WHAT YOU SHOULD DO. Your task is to return the listing below word for word, without any of its images.

GIVEN DATA.
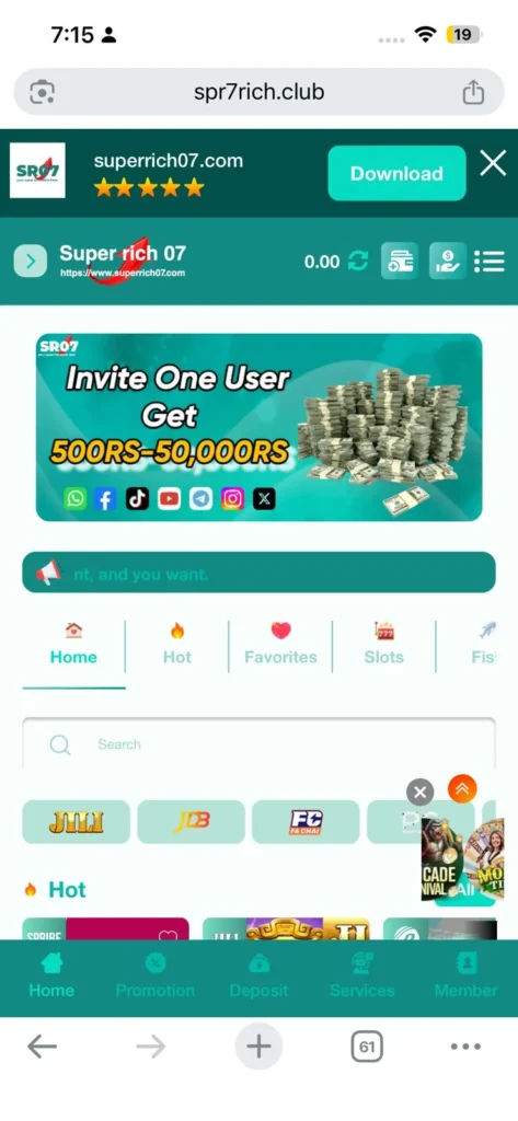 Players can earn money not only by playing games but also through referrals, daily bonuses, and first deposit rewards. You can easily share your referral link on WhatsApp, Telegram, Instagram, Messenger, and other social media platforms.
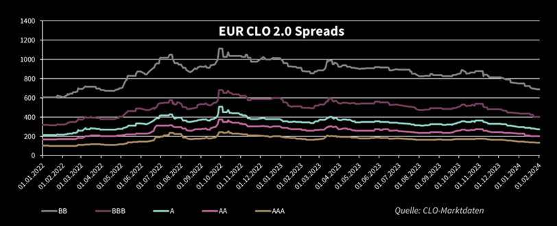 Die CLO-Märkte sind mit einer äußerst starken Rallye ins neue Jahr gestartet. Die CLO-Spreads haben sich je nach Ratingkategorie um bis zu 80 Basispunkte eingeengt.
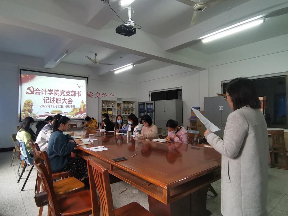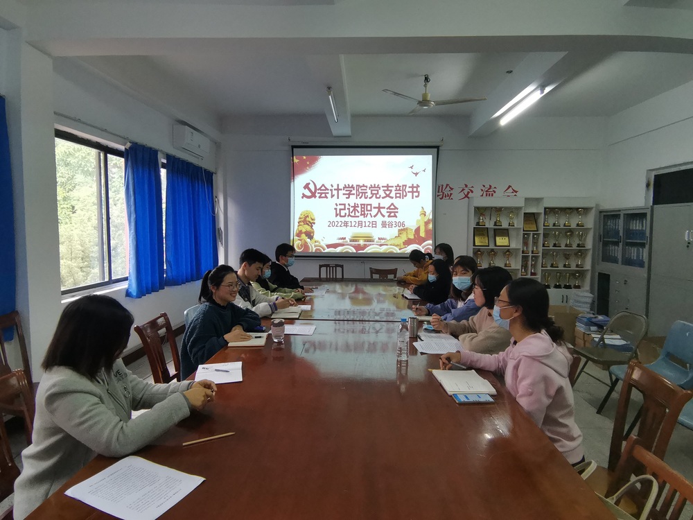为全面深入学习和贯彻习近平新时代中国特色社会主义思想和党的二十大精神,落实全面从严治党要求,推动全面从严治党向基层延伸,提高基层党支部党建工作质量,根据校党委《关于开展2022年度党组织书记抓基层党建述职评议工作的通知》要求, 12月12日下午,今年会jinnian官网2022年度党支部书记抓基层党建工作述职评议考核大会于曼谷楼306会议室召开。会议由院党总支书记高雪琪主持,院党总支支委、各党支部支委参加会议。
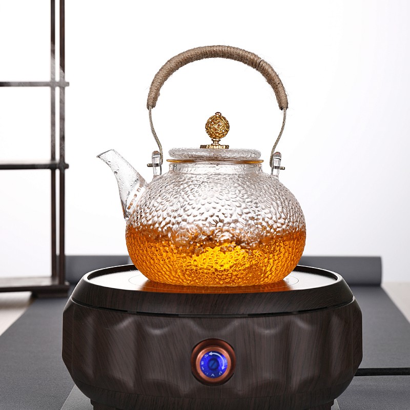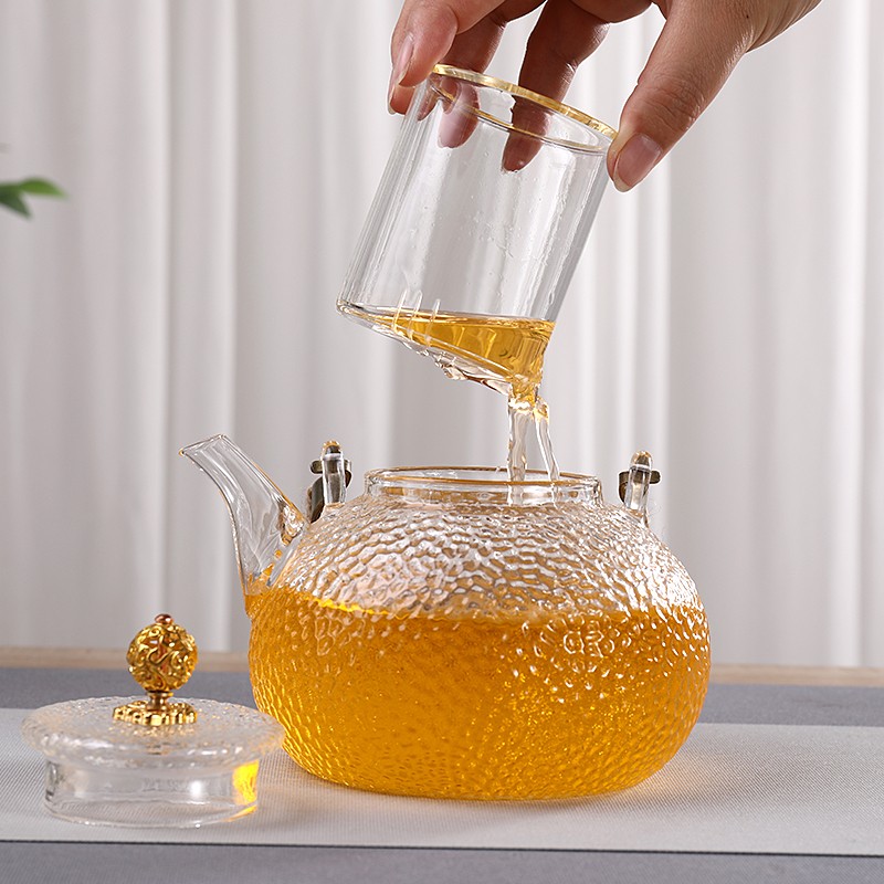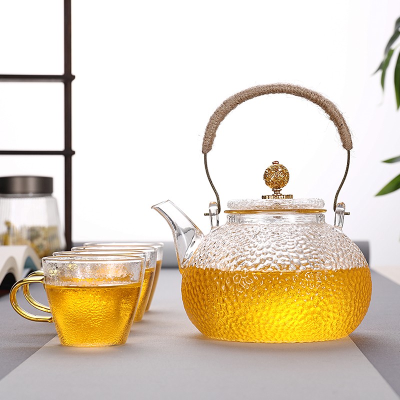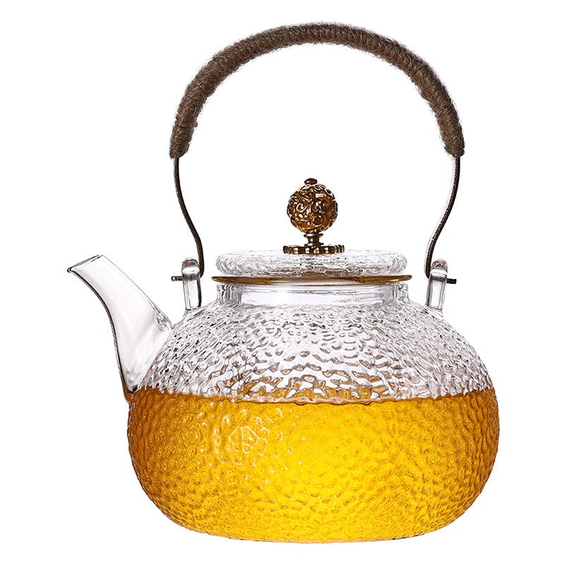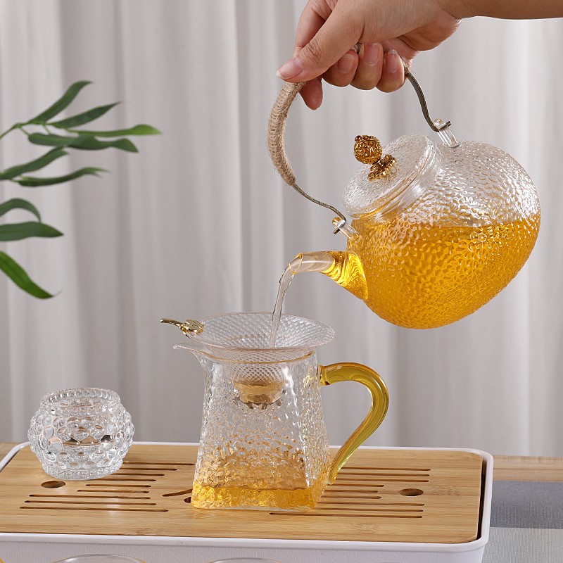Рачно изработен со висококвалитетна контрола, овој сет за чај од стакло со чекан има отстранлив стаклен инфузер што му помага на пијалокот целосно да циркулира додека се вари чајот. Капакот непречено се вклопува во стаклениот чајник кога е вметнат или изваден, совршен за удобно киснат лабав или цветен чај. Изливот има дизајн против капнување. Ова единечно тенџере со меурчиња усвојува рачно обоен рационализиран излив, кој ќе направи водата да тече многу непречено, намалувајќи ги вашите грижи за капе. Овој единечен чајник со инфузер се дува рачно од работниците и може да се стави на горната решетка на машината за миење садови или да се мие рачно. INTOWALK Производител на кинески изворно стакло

RESULT OF THIS TASK.
 Players can earn money not only by playing games but also through referrals, daily bonuses, and first deposit rewards. You can easily share your referral link on WhatsApp, Telegram, Instagram, Messenger, and other social media platforms.
 Die CLO-Märkte sind mit einer äußerst starken Rallye ins neue Jahr gestartet. Die CLO-Spreads haben sich je nach Ratingkategorie um bis zu 80 Basispunkte eingeengt.
为全面深入学习和贯彻习近平新时代中国特色社会主义思想和党的二十大精神,落实全面从严治党要求,推动全面从严治党向基层延伸,提高基层党支部党建工作质量,根据校党委《关于开展2022年度党组织书记抓基层党建述职评议工作的通知》要求, 12月12日下午,今年会jinnian官网2022年度党支部书记抓基层党建工作述职评议考核大会于曼谷楼306会议室召开。会议由院党总支书记高雪琪主持,院党总支支委、各党支部支委参加会议。
Рачно изработен со висококвалитетна контрола, овој сет за чај од стакло со чекан има отстранлив стаклен инфузер што му помага на пијалокот целосно да циркулира додека се вари чајот. Капакот непречено се вклопува во стаклениот чајник кога е вметнат или изваден, совршен за удобно киснат лабав или цветен чај. Изливот има дизајн против капнување. Ова единечно тенџере со меурчиња усвојува рачно обоен рационализиран излив, кој ќе направи водата да тече многу непречено, намалувајќи ги вашите грижи за капе. Овој единечен чајник со инфузер се дува рачно од работниците и може да се стави на горната решетка на машината за миење садови или да се мие рачно. INTOWALK Производител на кинески изворно стакло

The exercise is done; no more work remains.